→ **Dataset records**
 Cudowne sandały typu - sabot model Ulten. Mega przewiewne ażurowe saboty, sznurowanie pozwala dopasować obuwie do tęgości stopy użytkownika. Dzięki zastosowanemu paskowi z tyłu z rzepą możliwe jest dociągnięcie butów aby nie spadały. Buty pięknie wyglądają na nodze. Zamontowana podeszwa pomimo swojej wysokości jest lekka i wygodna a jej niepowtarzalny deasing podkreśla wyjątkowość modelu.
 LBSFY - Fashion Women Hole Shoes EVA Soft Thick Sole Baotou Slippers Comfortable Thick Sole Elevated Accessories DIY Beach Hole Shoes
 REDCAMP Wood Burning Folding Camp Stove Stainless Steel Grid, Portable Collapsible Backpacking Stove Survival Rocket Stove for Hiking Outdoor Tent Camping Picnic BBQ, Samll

---

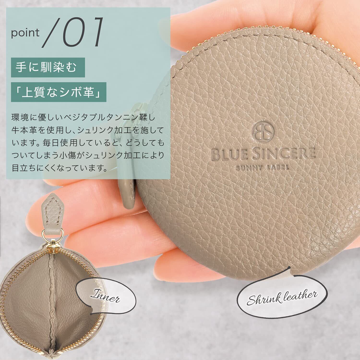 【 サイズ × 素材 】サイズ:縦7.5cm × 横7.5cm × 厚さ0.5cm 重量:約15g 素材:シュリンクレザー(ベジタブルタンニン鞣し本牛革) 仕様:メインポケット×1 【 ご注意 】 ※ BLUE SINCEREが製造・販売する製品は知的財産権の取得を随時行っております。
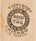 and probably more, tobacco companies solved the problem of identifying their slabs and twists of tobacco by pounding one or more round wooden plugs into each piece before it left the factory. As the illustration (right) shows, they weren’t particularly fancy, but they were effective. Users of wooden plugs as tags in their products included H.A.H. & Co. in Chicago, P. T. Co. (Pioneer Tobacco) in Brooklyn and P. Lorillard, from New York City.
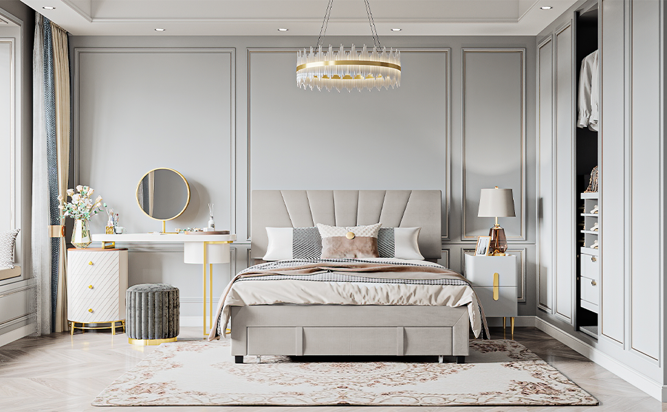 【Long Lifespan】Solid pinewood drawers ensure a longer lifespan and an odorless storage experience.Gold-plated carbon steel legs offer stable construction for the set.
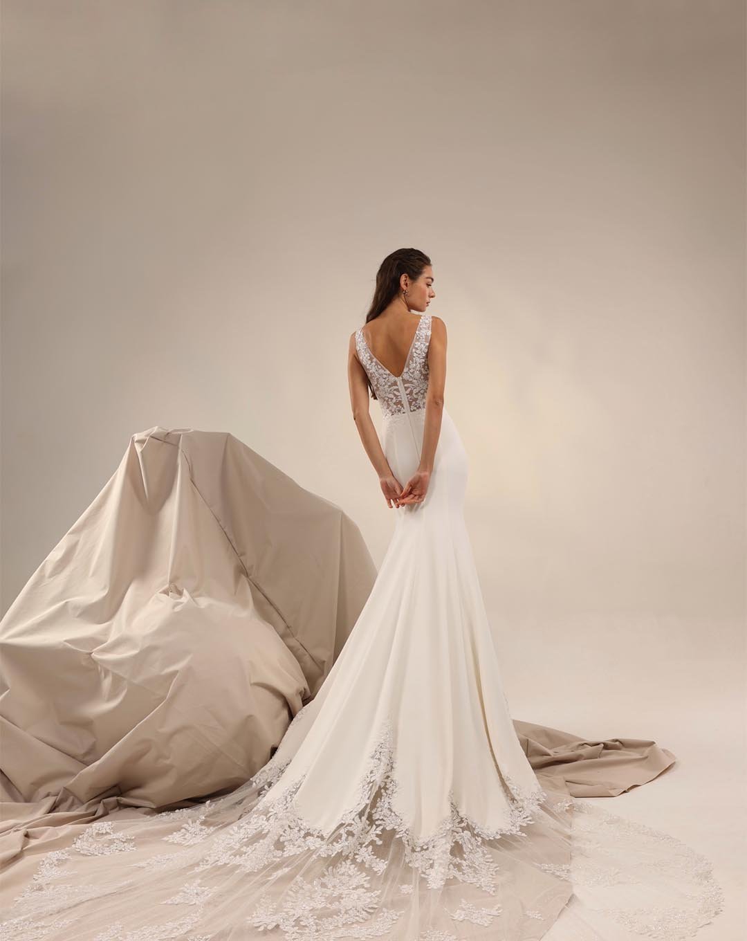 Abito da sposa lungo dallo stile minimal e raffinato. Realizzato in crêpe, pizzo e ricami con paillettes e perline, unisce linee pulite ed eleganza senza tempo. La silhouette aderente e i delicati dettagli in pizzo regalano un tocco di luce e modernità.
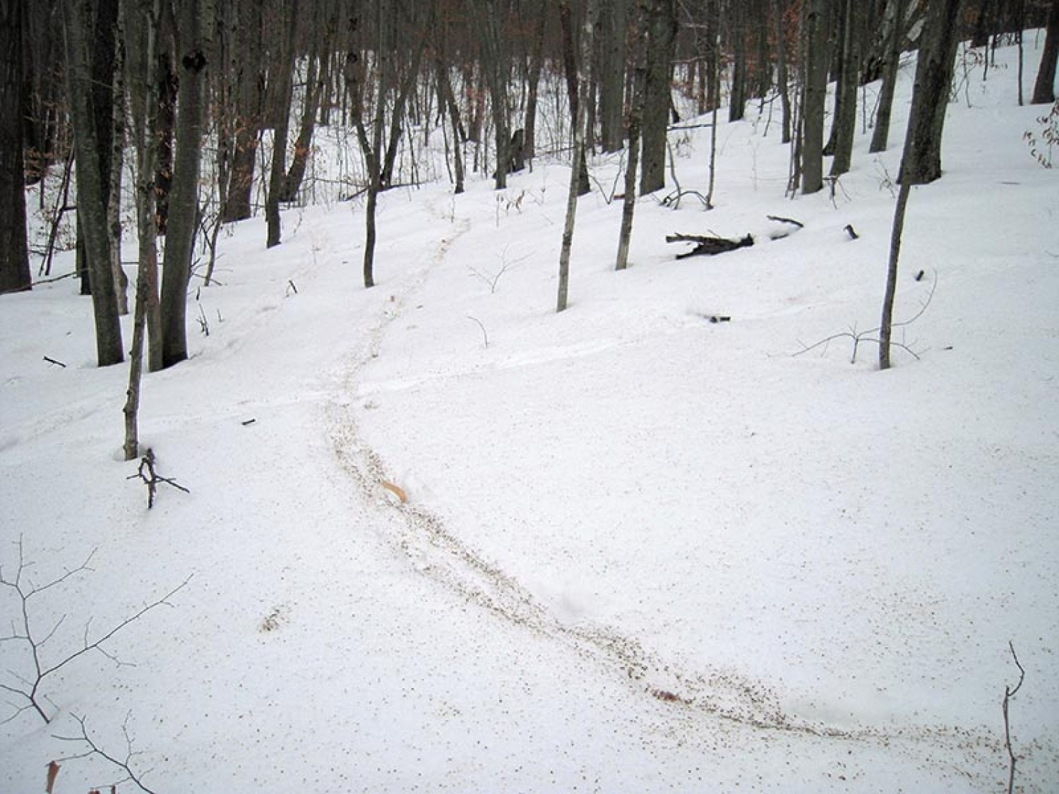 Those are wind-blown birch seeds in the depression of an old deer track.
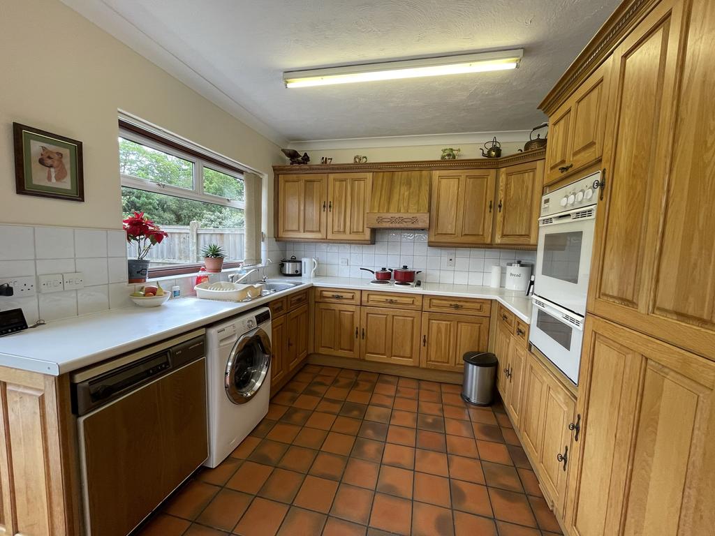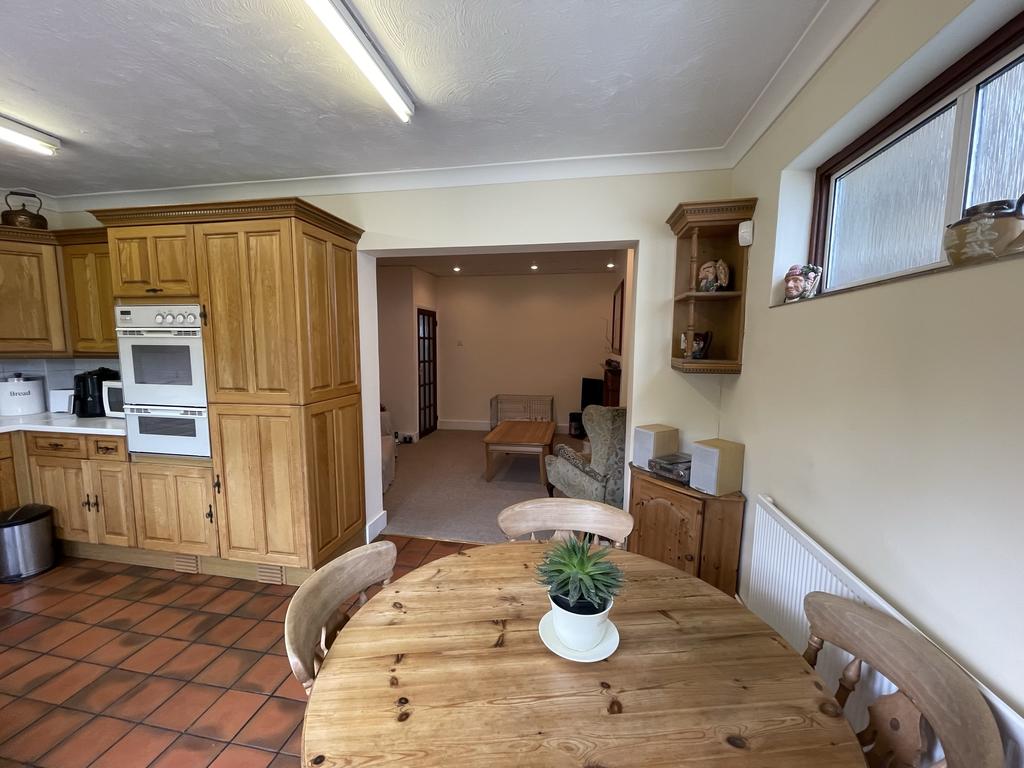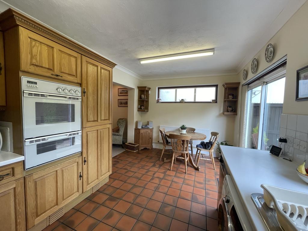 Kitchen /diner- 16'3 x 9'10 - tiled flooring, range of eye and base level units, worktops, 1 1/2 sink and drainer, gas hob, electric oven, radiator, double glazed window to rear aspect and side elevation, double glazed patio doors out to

--

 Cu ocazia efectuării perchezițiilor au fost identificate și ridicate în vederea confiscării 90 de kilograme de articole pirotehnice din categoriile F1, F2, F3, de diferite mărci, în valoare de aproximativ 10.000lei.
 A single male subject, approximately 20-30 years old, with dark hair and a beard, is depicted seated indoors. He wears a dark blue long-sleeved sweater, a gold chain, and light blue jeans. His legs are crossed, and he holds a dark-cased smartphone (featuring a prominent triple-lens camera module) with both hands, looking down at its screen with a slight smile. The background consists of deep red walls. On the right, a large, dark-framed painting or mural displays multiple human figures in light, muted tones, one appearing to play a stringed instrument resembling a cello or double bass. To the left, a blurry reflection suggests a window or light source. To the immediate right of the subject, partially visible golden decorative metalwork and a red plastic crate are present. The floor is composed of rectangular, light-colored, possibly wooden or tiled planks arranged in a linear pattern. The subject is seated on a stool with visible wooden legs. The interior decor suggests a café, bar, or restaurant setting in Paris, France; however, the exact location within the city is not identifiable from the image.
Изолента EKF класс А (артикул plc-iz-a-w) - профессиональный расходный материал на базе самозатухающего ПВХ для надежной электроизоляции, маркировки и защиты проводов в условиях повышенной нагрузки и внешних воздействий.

→ **Problem to solve**
I'd like the lines above from the one with "Cudowne sandały typu" up to and including the one with "REDCAMP Wood Burning" copied exactly, with no other lines.

→ **Exercise response**
 Cudowne sandały typu - sabot model Ulten. Mega przewiewne ażurowe saboty, sznurowanie pozwala dopasować obuwie do tęgości stopy użytkownika. Dzięki zastosowanemu paskowi z tyłu z rzepą możliwe jest dociągnięcie butów aby nie spadały. Buty pięknie wyglądają na nodze. Zamontowana podeszwa pomimo swojej wysokości jest lekka i wygodna a jej niepowtarzalny deasing podkreśla wyjątkowość modelu.
 LBSFY - Fashion Women Hole Shoes EVA Soft Thick Sole Baotou Slippers Comfortable Thick Sole Elevated Accessories DIY Beach Hole Shoes
 REDCAMP Wood Burning Folding Camp Stove Stainless Steel Grid, Portable Collapsible Backpacking Stove Survival Rocket Stove for Hiking Outdoor Tent Camping Picnic BBQ, Samll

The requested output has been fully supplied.